**Data for review:**
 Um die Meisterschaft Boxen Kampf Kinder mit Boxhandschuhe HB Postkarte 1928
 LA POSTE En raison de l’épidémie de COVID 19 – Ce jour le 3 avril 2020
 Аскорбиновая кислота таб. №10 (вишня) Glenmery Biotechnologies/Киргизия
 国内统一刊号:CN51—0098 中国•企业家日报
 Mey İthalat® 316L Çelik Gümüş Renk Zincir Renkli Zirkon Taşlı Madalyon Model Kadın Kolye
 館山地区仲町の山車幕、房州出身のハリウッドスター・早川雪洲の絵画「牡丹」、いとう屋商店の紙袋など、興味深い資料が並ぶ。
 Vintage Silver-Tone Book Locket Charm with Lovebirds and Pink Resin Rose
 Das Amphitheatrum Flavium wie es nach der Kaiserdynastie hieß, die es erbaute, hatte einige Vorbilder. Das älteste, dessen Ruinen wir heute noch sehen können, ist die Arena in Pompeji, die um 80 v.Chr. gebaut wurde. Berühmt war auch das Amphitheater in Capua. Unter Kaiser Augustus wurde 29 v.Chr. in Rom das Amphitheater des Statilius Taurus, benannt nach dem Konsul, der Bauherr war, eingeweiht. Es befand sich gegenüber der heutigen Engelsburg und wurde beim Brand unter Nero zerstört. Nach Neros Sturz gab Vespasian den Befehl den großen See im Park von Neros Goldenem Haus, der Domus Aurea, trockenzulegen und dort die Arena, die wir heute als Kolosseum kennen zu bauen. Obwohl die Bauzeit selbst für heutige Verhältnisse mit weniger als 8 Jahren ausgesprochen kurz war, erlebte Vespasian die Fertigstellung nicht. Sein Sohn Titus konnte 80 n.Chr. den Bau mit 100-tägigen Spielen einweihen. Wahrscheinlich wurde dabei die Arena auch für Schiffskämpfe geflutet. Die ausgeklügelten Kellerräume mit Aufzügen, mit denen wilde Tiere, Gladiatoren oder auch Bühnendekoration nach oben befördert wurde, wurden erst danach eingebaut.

**Activity:**
Set down the lines of the records exactly, from the first one through the line containing "Vintage Silver-Tone Book", and add nothing else.

**The completed task:**
 Um die Meisterschaft Boxen Kampf Kinder mit Boxhandschuhe HB Postkarte 1928
 LA POSTE En raison de l’épidémie de COVID 19 – Ce jour le 3 avril 2020
 Аскорбиновая кислота таб. №10 (вишня) Glenmery Biotechnologies/Киргизия
 国内统一刊号:CN51—0098 中国•企业家日报
 Mey İthalat® 316L Çelik Gümüş Renk Zincir Renkli Zirkon Taşlı Madalyon Model Kadın Kolye
 館山地区仲町の山車幕、房州出身のハリウッドスター・早川雪洲の絵画「牡丹」、いとう屋商店の紙袋など、興味深い資料が並ぶ。
 Vintage Silver-Tone Book Locket Charm with Lovebirds and Pink Resin Rose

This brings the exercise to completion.